§ Task statement
Reproduce word for word the line holding "如果图片上传错了或上传后变形" and all lines after it in the data, through the end, leaving out pictures.

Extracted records
################
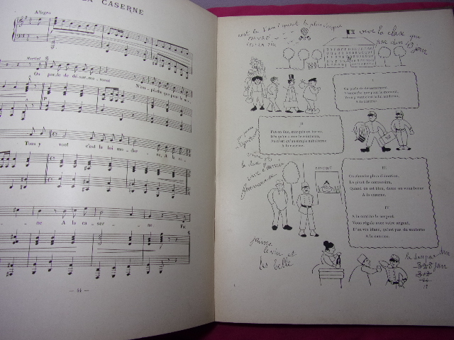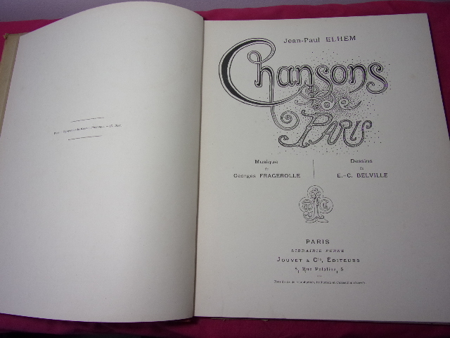 CHANSONS DE PARIS Jean-Paul Elhem musique de Georges Fragerolle, dessins de E.C Belville Table des matières : dédicace - Tout Paris - La ballade de l'ours - Une première - Les champs Elysées - A la caserne - La butte Montmartre - Jeune fille - Vieille fille - Les grands boulevards - La lettre et l'esprit vol, relié dos toile ( passée ) 300x230, très bon état intérieur, 84pp Paris Furnes, 1894 d'autres volumes en vente, groupez les achats !
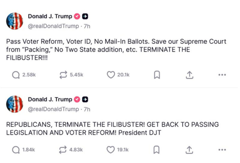 „Да се усвои реформа на гласањето, лични карти на гласачите, без гласање по пошта. Да се спаси нашиот Врховен суд од „пакување“, без додавање на две држави, итн. „Укинете го ФИЛИБАСТЕРОТ!!!“ напиша Трамп во објава на Truth Social.
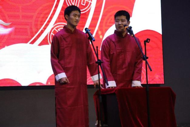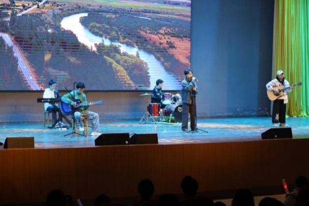 晚会还呈现了多样化的节目,包括独具少数民族特色的新疆歌舞《西域风情》、双人弹唱《平凡之路》、男女合唱《小酒窝》等,风格各异,充满变幻和活力。尤其是吉首校区同学的歌曲串烧《我们的明天》,四位演唱者都充满个性,有的嗓音飘逸悠扬,有的音质清澈动听,每一句歌词都如同天籁之音。演唱者投入的样子更是独具感染力。这场表演不仅仅是听觉的享受,更是一场视听的盛宴,为观众带来了极致的音乐盛事。此外,相声表演《优秀老员工》更是笑料十足,幽默风趣的表演赢得了观众的阵阵掌声,现场氛围热烈欢快。观众们积极参与,不断欢呼呐喊,为整场晚会增添了无与伦比的热情气氛。
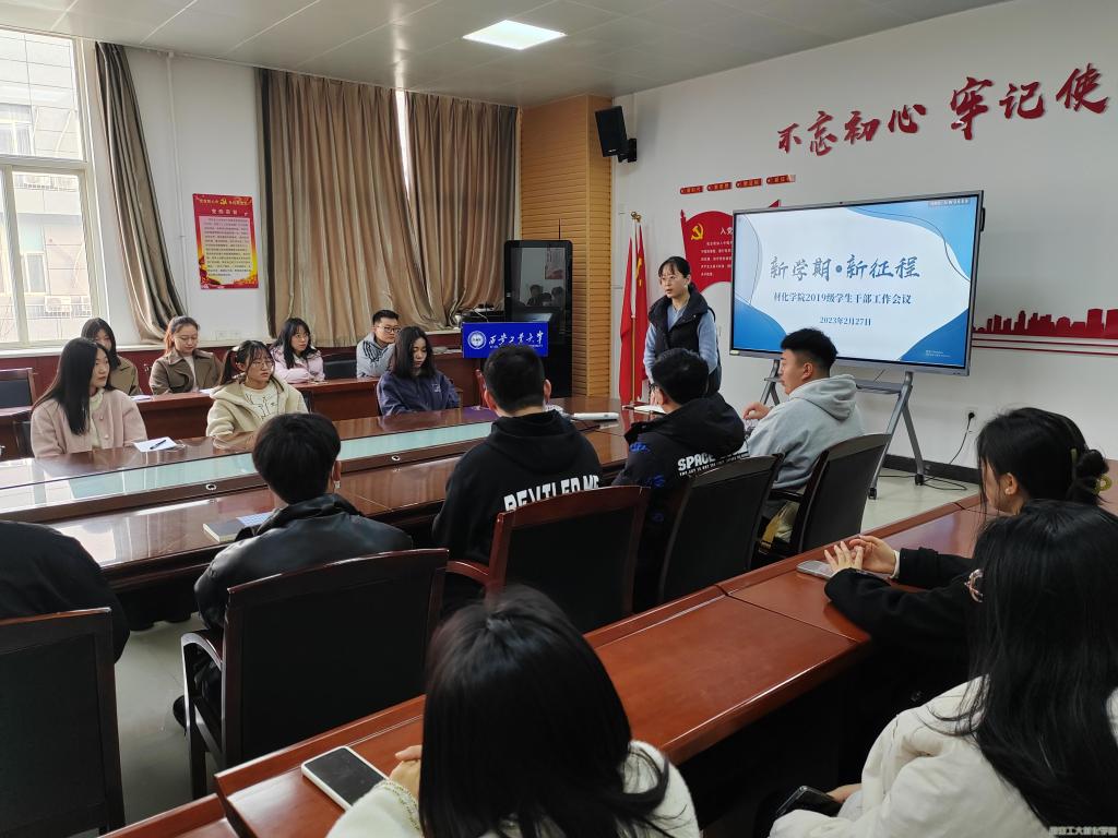 2019级于2023年2月27日上午9时召开学生干部工作会议。本次会议由2019级辅导员乔娜老师,小黄书
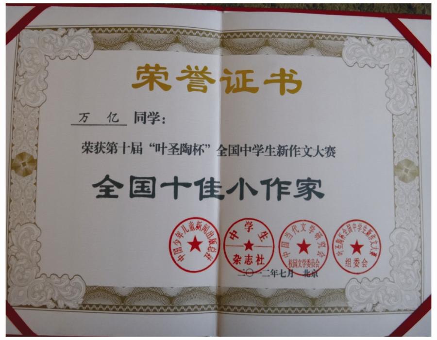 四川省作协会员、中国当代文学研究会会员、被誉为“中国最年轻的作家”、春芽文学社荣誉社长社长万亿已出版小说《暖雪》、《十三岁的花季》、《夏桃子的紫色年华》、《我在成都等你》等七部,在《少年作家》、《青年作家》、《萌芽》、《意林》、《四川文学》等全国著名文学刊物上发表短篇小说、散文近百篇。20127月,在“第十届‘叶圣陶杯’全国新作文大赛”上,万亿荣获全国初中生唯一“全国十佳小作家”荣誉称号,文学社9名会员荣获一等奖,14人荣获二等奖。201212月,在“第二届全国校园文学高峰论坛暨成果展评”活动中,万亿以第一名的身份摘得“新苗奖”,并作为全国学生代表在会上发言;2013年,万亿更是被中央编译出版社聘请为《校园风尚》书刊主编,成为“中国年龄最小国家级刊物主编”。
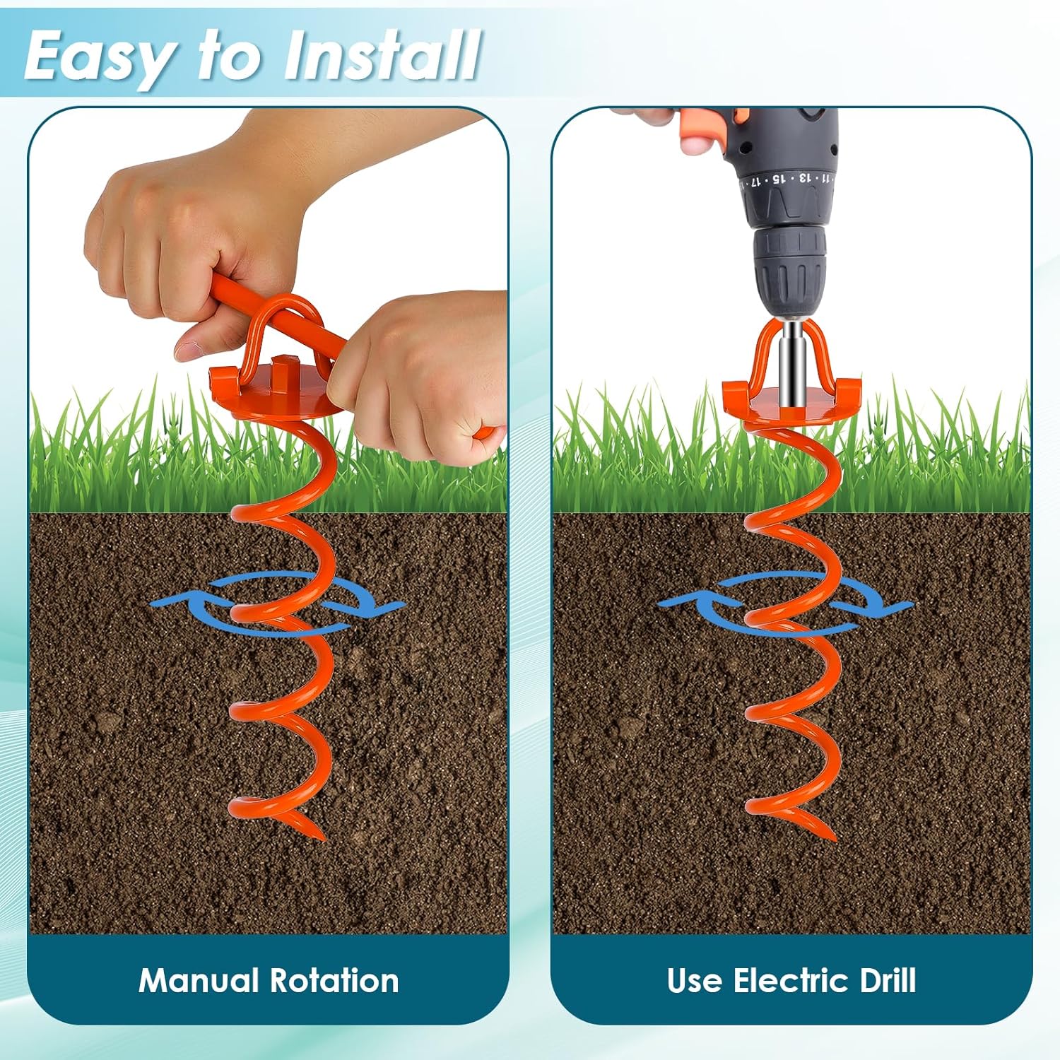 - Easy to Install & Use: Our screw in ground anchors are specially designed for versatile installation options. Simply insert the tip into the ground, put the handle through the top ring and get imbed with a few rotations. Or, you can connect the hexagon ground head to your electric drill for a more effortless installation. Please note: Drill and adapter are not included.
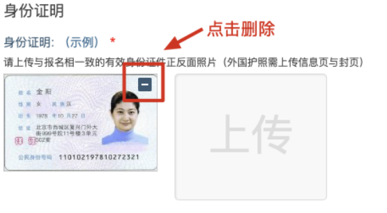 如果图片上传错了或上传后变形、不清晰时,可以删除再重新上传,点击图片右上角的“-”减号按钮即可删除,如下图:
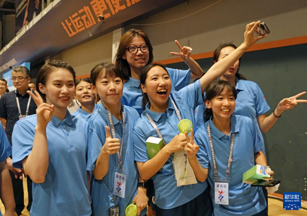 8月23日,奥运冠军陈芋汐(前排左一)亮相活动现场,与两岸青年合影互动。
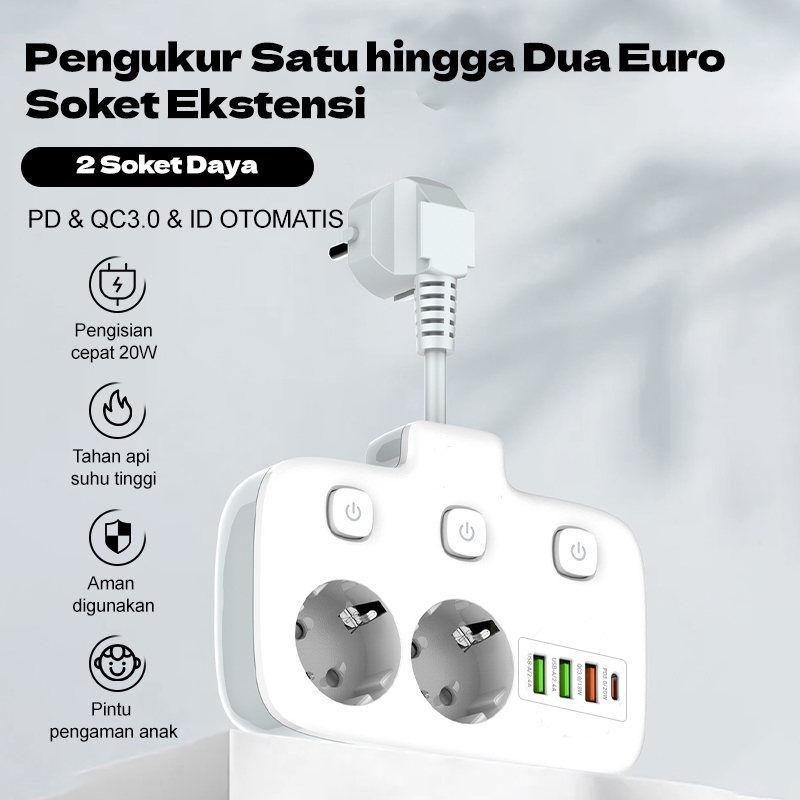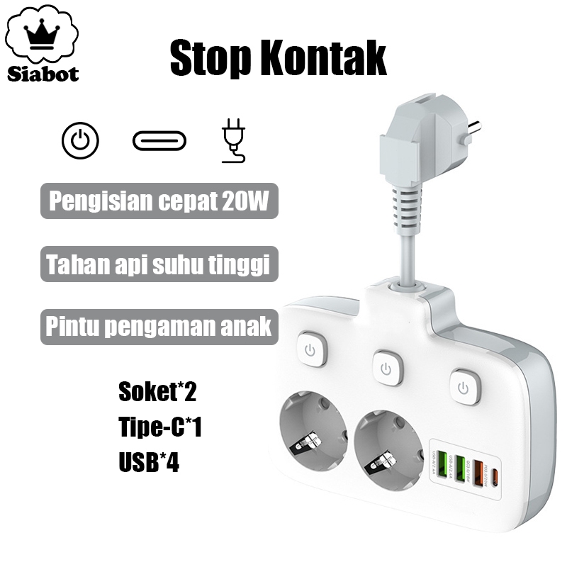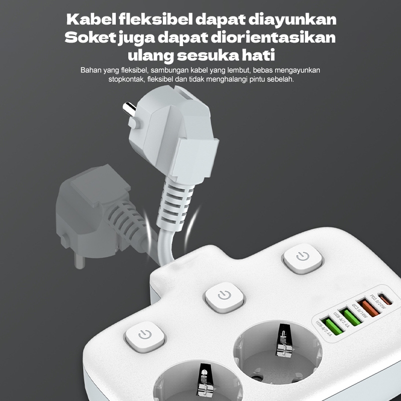 2500W Stop Kontak Colokan Multiguna Kabel Power Socket Power Socket 2 Socket 3USB 1Tipe-C Port Adaptor Steker
################
§ Task result
 如果图片上传错了或上传后变形、不清晰时,可以删除再重新上传,点击图片右上角的“-”减号按钮即可删除,如下图:
 8月23日,奥运冠军陈芋汐(前排左一)亮相活动现场,与两岸青年合影互动。
 2500W Stop Kontak Colokan Multiguna Kabel Power Socket Power Socket 2 Socket 3USB 1Tipe-C Port Adaptor Steker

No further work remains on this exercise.